If it’s hard to determine the exact type of dysarthria you’re seeing, no worries. Zoom out and remember that the goal of dysarthria treatment is to improve communication and quality of life.

To effectively treat dysarthria, you need to know the underlying cause of the dysarthria, severity level, and subsystem. This will help you write goals and measure progress.

For example:

The patient demonstrates moderate dysarthria (severity level) characterized by inadequate breath support, low vocal intensity, and rapid rate of speech (subsystems) due to Parkinson’s disease (cause).

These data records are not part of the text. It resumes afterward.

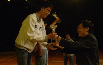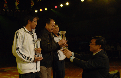 裁判長宣讀了本次運動會比賽成績。校領導章必功、阮雙琛、陳思平分別為綜合運動會獲獎團體、學生田徑獲獎團體和教工田徑獲獎團體頒發獎杯。
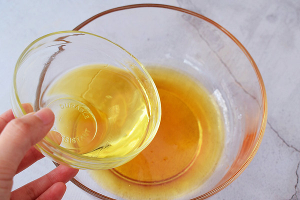 转化糖浆加入枧水,用手动打蛋器搅拌均匀
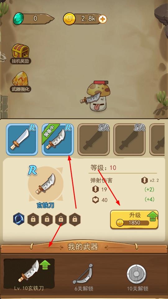 3、玩家可使用金币对武器(如玄铁刀)进行升级,提升弹射伤害等属性,还能解锁新武器,增强游戏实力。
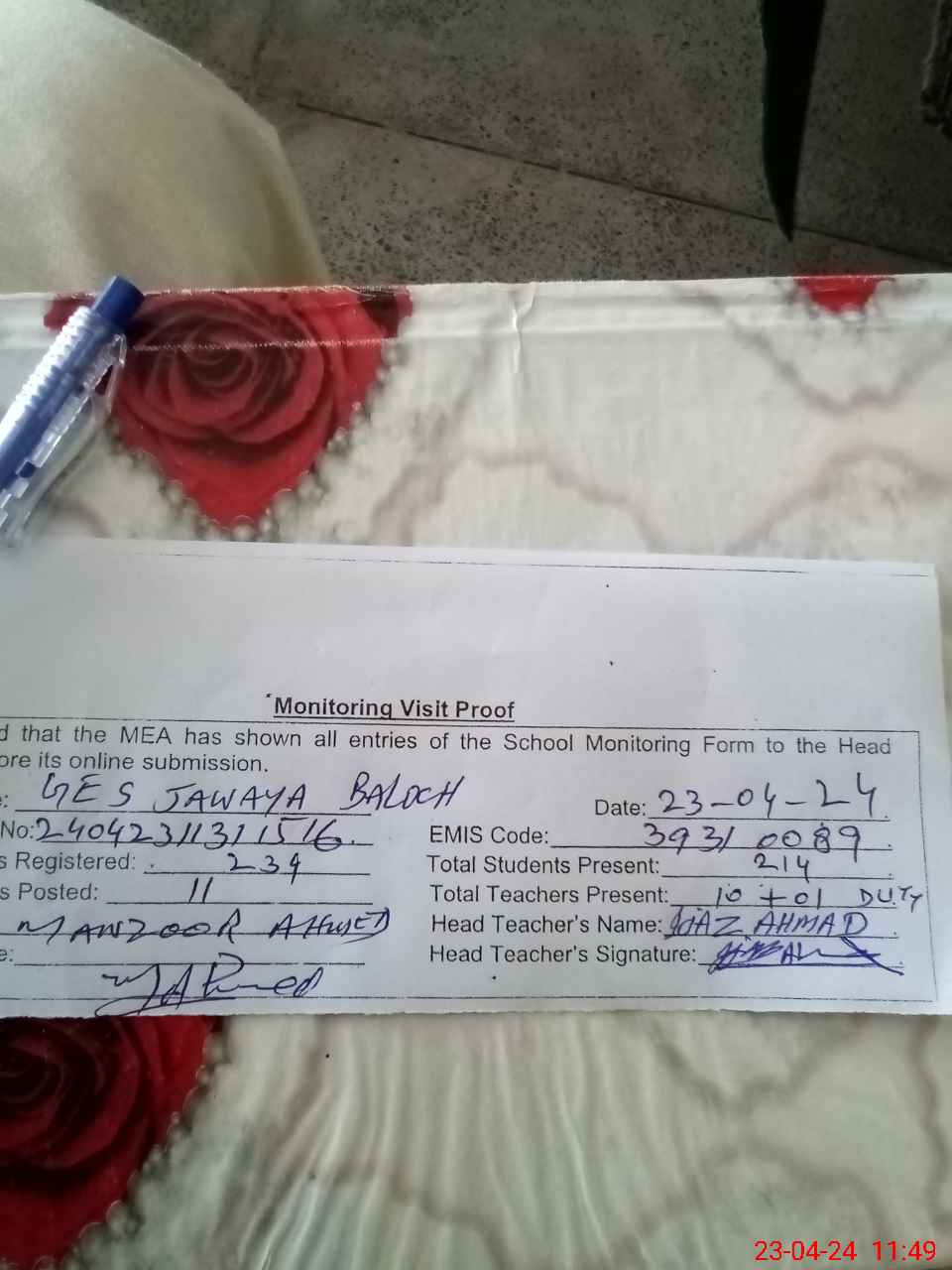 | Attendance Register | Head Teacher | MEA with School | Visit Proof |
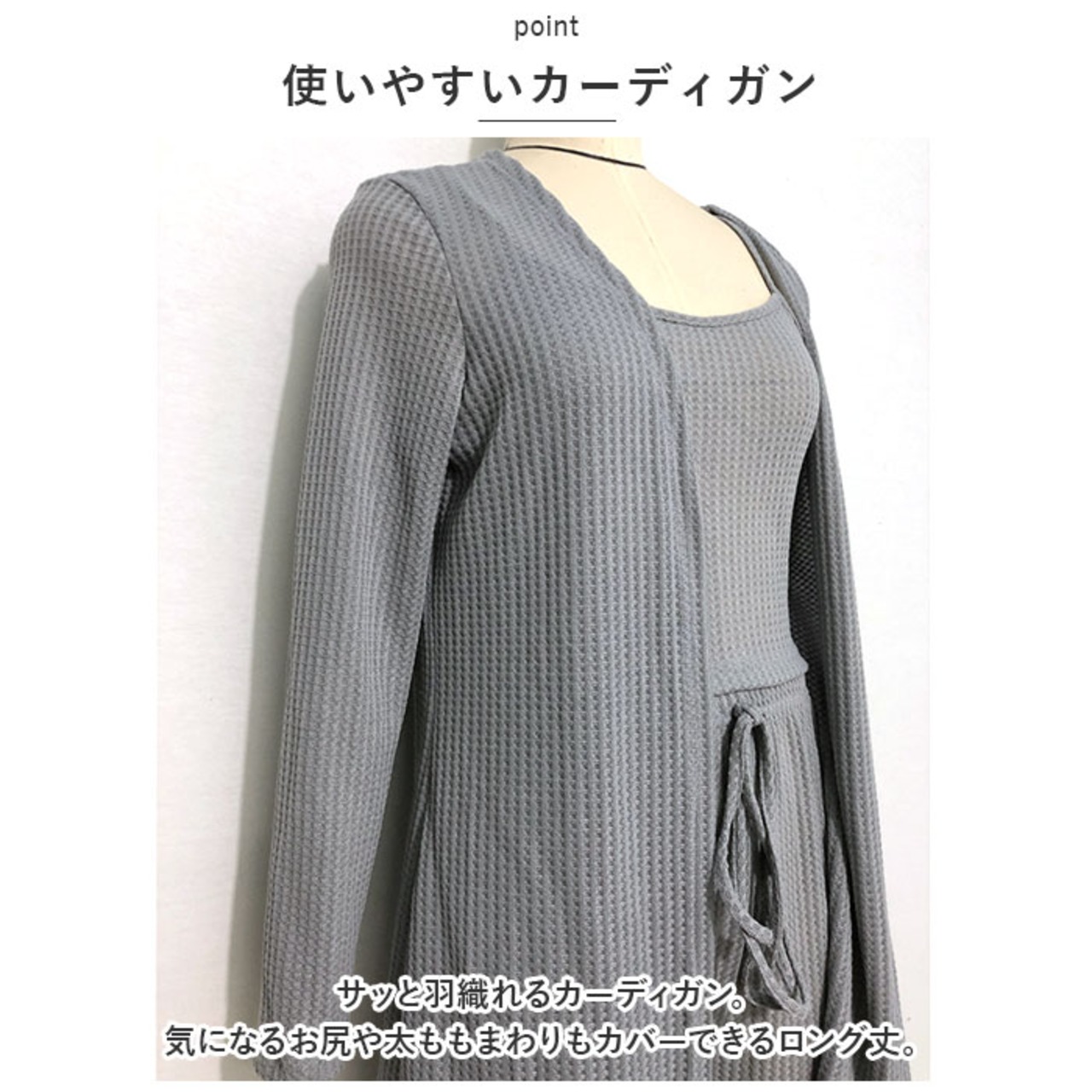 ・サッと羽織れるカーディガン。気になるお尻や太ももまわりもカバーできるロング丈。
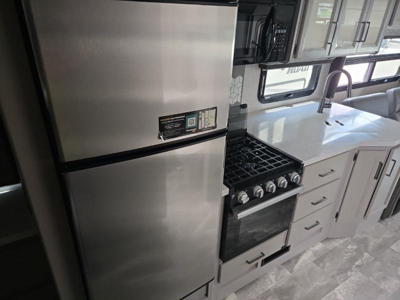 This Windsport Class A gas motorhome is going to be an amazing way to vacation! You will be living in luxury back in the private bedroom because of the king bed and 32" LED TV, and you have exceptional convenience with the exterior 32" TV and exterior kitchen when relaxing outside. Now you can have a movie night out under the stars with the snacks being prepared right there with you. Back inside, you'll appreciate having a 68" jack-knife sofa to relax on, a three-burner stove to cook on, and a coffee table between the cab seats to set your drinks on. The bathroom contains a 24" x 36" shower with a skylight to help you stay fresh, and there is a glass door included in the shower.
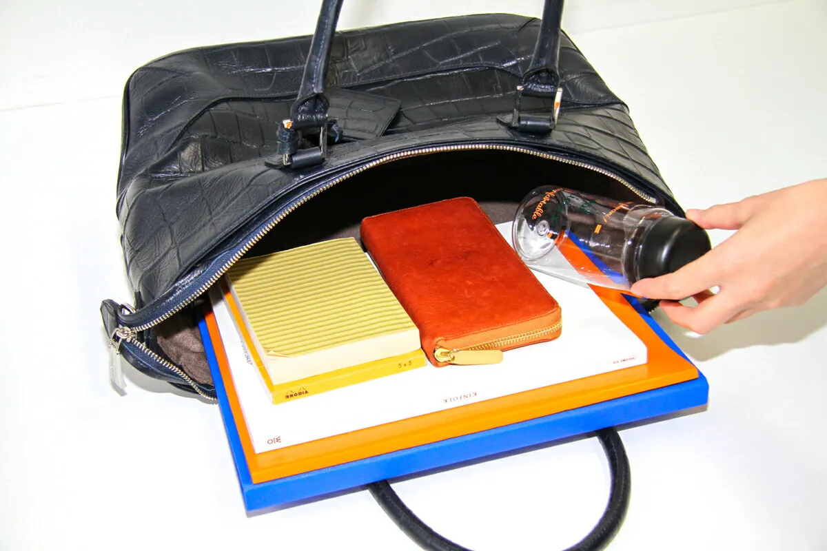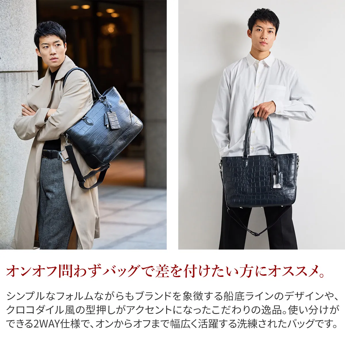 シンプルなフォルムながらもブランドを象徴する船底ラインのデザインや、クロコダイル風の型押しがアクセントになったこだわりの逸品。使い分けができる2WAY仕様で、オンからオフまで幅広く活躍する洗練されたバッグです。 通常のラインナップのシュリンクレザーの上からさらに型押しの一工程を施したモデル。型押しは堅くなりがちなのだが、シュリンクレザーに型押ししているので柔らかく手に馴染みやすいのが特徴となります。
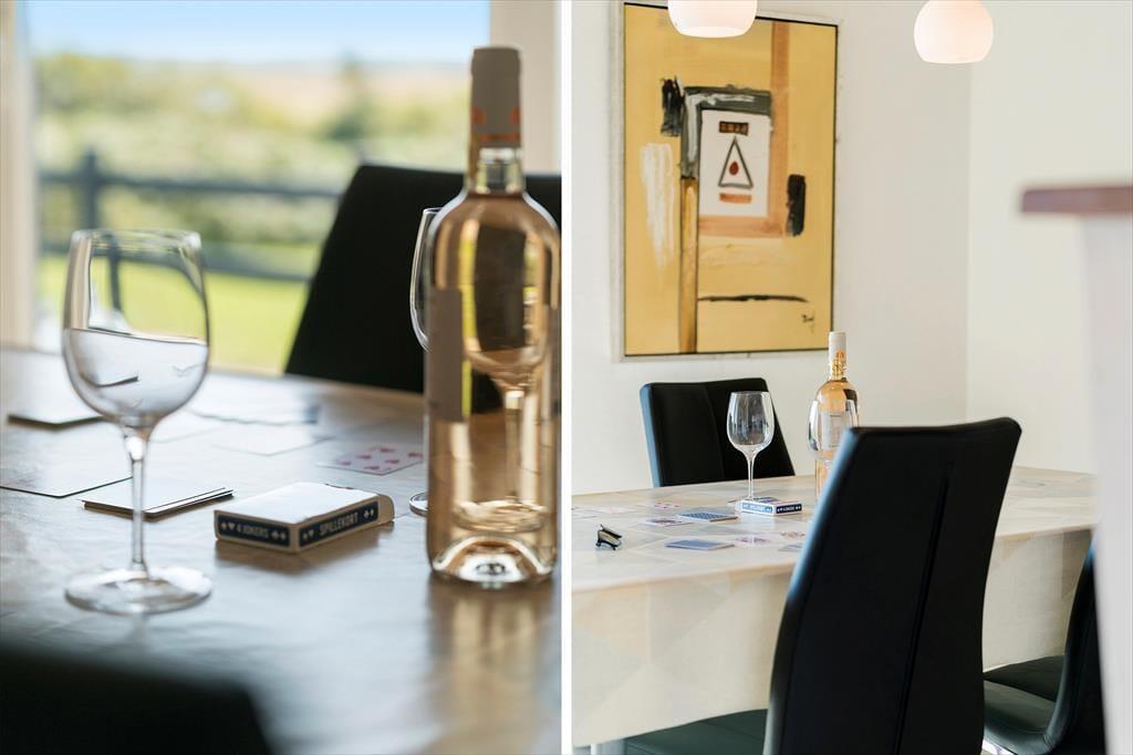 Sommerhuset er lyst og indbydende med et åbent køkken, der glider naturligt over i en hyggelig stue. Her kan du nyde en betagende udsigt over det omkringliggende landskab og den private sø gennem de store vinduer, mens du slapper af i komfortable møbler. De to lyse soveværelser er indrettet med henblik på en god nats søvn, og det moderne badeværelse fuldender den behagelige atmosfære. Som en lejlighed i et dobbelthus tilbyder dette sted en perfekt kombination af privatliv og nærhed til familien eller vennerne, hvis I lejer begge boliger, se hus ID 115.

Keep reading to learn more about the type of dysarthria and underlying subsystems.

More Dysarthria Resources

What Are The Types of Dysarthria?

what are the types of dysarthria

Dysarthria can be categorized in different ways. For this article, we drew from Duffy’s research to identify 8 types (2020). 

Below are the possible causes and symptoms of each. But keep in mind that these can vary from patient to patient.

1. Flaccid Dysarthria

Possible Causes

  • Lower motor neuron damage
  • Trauma
  • Myasthenia gravis
  • Gullain-Barré syndrome


  • Weakness
  • Breathiness, short phrases
  • Hypernasality, nasal emissions
  • Speaking on inhalation

2. Spastic Dysarthria

Possible Causes


  • Hypertonia
  • Slow rate
  • Strained vocal quality
  • Pitch breaks

3. Hypokinetic Dysarthria

Possible Causes

  • Parkinson’s disease
  • Basal ganglia damage
  • TBI
  • Stroke


  • Rigidity, reduced range of motion
  • Rushed speech
  • Monopitch, mono-loudness, flat affect
  • Tremor-like oral-motor movements

4. Ataxic Dysarthria

Possible Causes

  • Cerebellum damage
  • TBI
  • Stroke
  • Degenerative diseases
  • Infections


  • Reduced muscle coordination
  • Excess and equal stress
  • Distorted vowels
  • Lack of coordination in jaw, face, and tongue

5. Hyperkinetic Dysarthria

Possible Causes

  • Basal ganglia damage
  • Huntington’s disease
  • Stroke


  • Involuntary movements, motor tics, myoclonus
  • Distorted vowels
  • Intermittent vocal quality changes, hypernasality
  • Excessive loudness variation

6. Mixed Dysarthria

Possible Causes

  • Seen in Stroke or TBI with multiple areas of the brain affected
  • ALS
  • MS


  • Various combinations of dysarthria types (e.g., spastic–ataxic, flaccid–spastic)
  • Slow speech
  • Prosody disrupted
  • Hypernasality
  • Strained voice

7. Unilateral Upper Motor Neuron Dysarthria

Possible Causes

  • Stroke
  • Tumors
  • Focal trauma (surgical trauma, etc.)


  • Irregular articulatory breakdowns
  • Unilateral lower facial drooping
  • Unilateral lingual weakness
  • Hoarse vocal quality

8. Undetermined Dysarthria

Possible Causes

  • CVA
  • TBI
  • Neurogenic disorders


  • Perceptual features are consistent with dysarthria but don’t fit into any of the identified dysarthria types (ASHA, n.d.)  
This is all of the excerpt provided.